Many transgender people feel anxiety about either returning to their workplace following surgery, as well as entering a new workplace after their gender transition. Anxiety is completely natural, but you shouldn’t have to feel that way about being your true self. Here are some tips for entering the workplace after your gender transition.
If you stay in the same job throughout your transition, many trans people recommend being open and honest about your gender transition with your colleagues. When it comes to coming out to family, friends, and colleagues, it’s best to devise a plan ahead of time with the assistance of your therapist.
You should plan to come out to your colleagues before your physical transition becomes obvious, in order to prevent rumours or other damaging gossip spreading. Colleagues who would otherwise be supportive may still say or do something ignorant. Even though it’s not your responsibility to educate them you may find yourself in a position of having to explain certain aspects of your transition to colleagues. By being as honest and open about your transition as possible, you can stop the spread of any misunderstandings or rumours.

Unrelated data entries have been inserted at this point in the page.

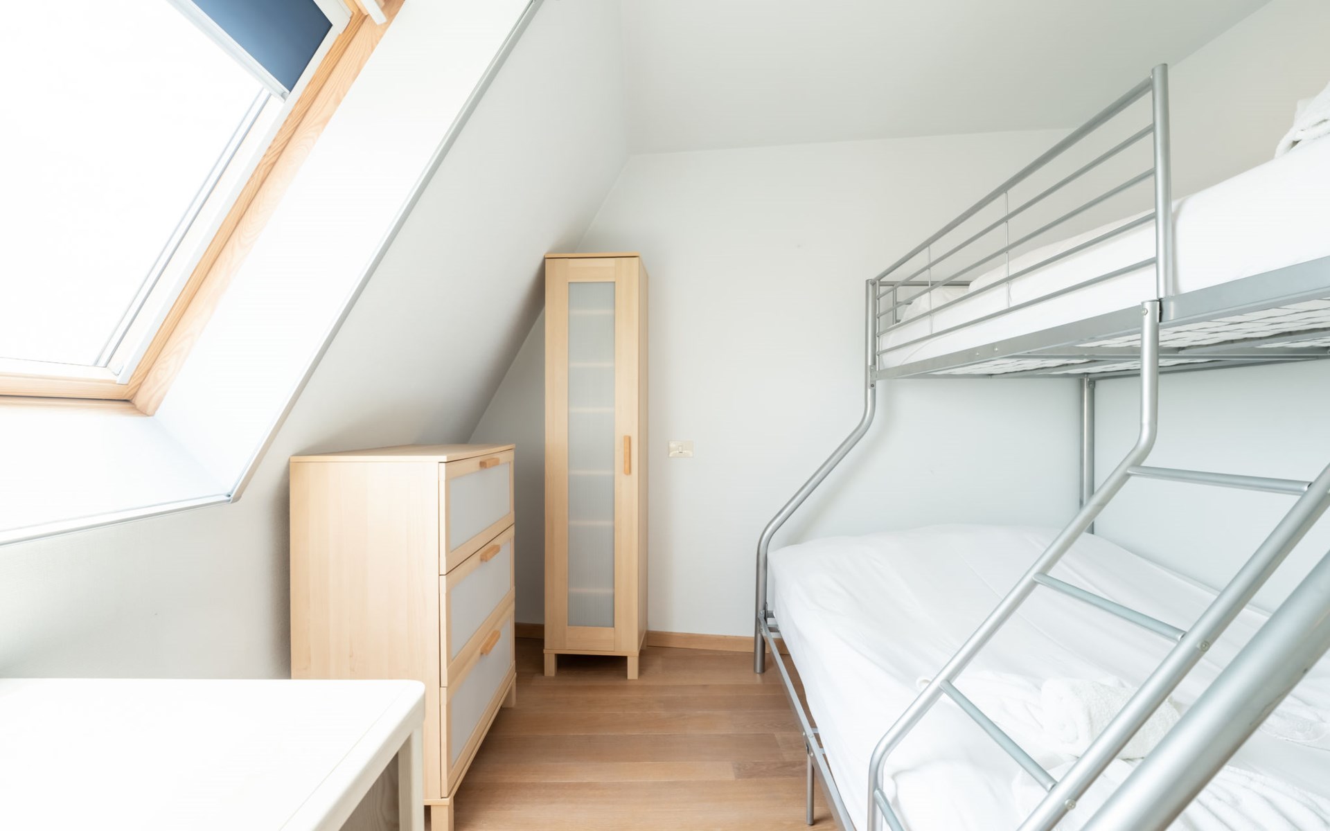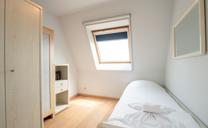 Bredene: Residence "Queen Mary". In the centre of Bredene, 150 m from the sea, 100 m from the beach, road to cross. In the house: lift. Public parking 50 m extra. Shop 50 m, supermarket, restaurant, bakery, bicycle rental, tram 100 m, railway station "Oostende" 4 km, indoor swimming pool 4 km. Golf course (18 hole) 9 km, surf school 200 m, tennis 2 km, minigolf 100 m. Nearby attractions: Fort Napoleon 3 km, De Haan 5 km, Brugge 30 km, Sea Life Blankenberge 14 km, familiepark De Sierk 3 km, Plopsaland De Panne 43 km. Hiking paths: Landerijenpad 12 km, Spuikompad 10 km, Duinpanpad 6 km. The owner does not accept any youth groups. The keys‘ handover takes place by the agency Interhome in Bredene. Group of youngsters not allowed.
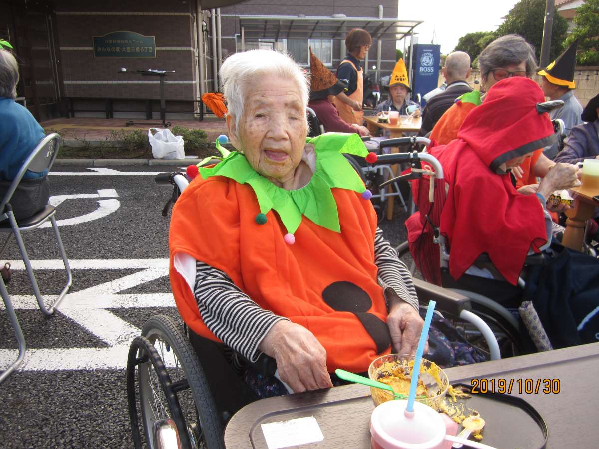 こんにちは 介護付き有料老人ホーム『みんなの家・三橋6丁目』です。10月の終わりの行事といえば~ハロウィン!!もちろん三橋6丁目でもやりました!ハロウィンパーティー♬ 皆さん思い思いの仮装をして~お外でおやつを頂く!もちろんおやつはハロウィンケーキ(#^^#)こんなおいしいおやつがたべれるなら毎日パーティーならいいのにね(^_-)-☆
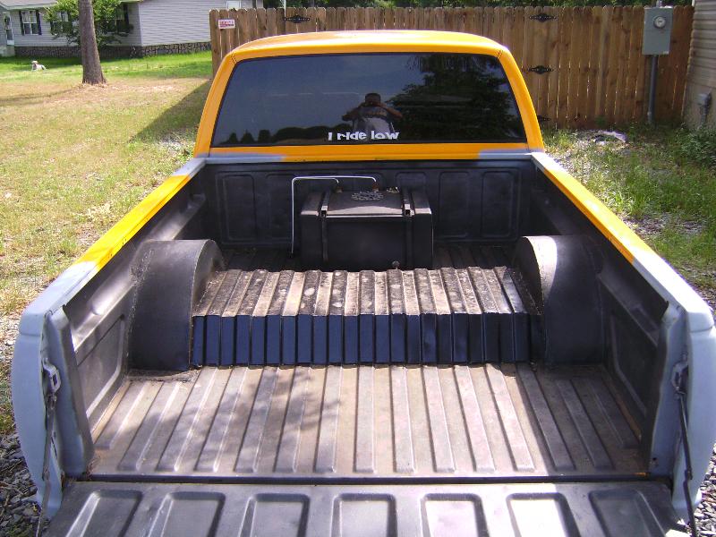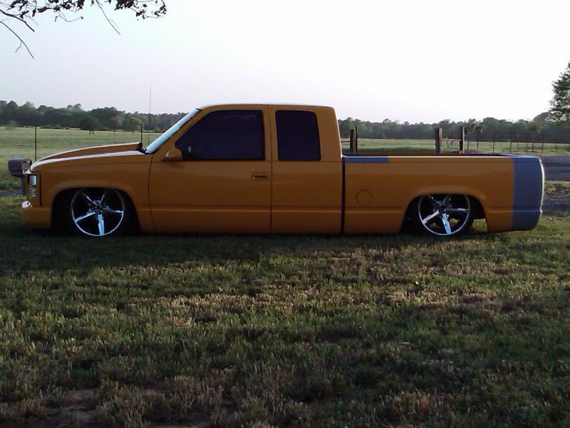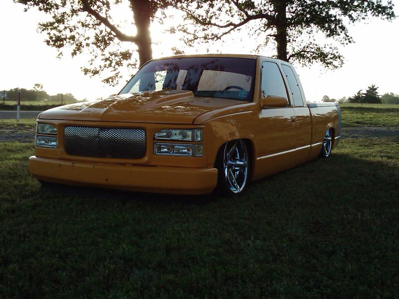 ppg chrome yellow with custom rock chips, ws6 hood, cat eye grille with speed grille insert, all clear lights up front, smoothie bumper, shaved tailights,tailgate, and rollpan with 10" leds

Before you transition you should look up your workplace’s nondiscrimination policy and make sure gender identity and expression are covered. If you’re part of a union, find out if there is an LGBT resource group within that union. You may also want to speak to your HR department. Unfortunately, discrimination in the workplace does happen and you can protect yourself by being aware of your rights, as well as any legal action you can take should you face discrimination in the workplace.
Once transgender people feel comfortable coming out in the workplace, the first course of action is to notify your superior. After this, you can write a letter to be circulated throughout the workplace to each coworker explaining that you are planning a gender transition, and acknowledging that it may be difficult for some of them. Work with your boss to circulate the letter at an appropriate time.
It is also wise to prepare ahead of time in case anyone at your work, including your boss, handles the news of your transition poorly. This may create an unsafe work environment for you, or potentially lead to issues regarding job security. It helps to put some money aside just in case.
Coming out as transgender in the workplace can be difficult, and sadly there are still many obstacles for transgender people in the workplace. It helps to have a strong support group through this time, including your therapist, friends, family members, and other trans or LGBT people who have been through a similar experience.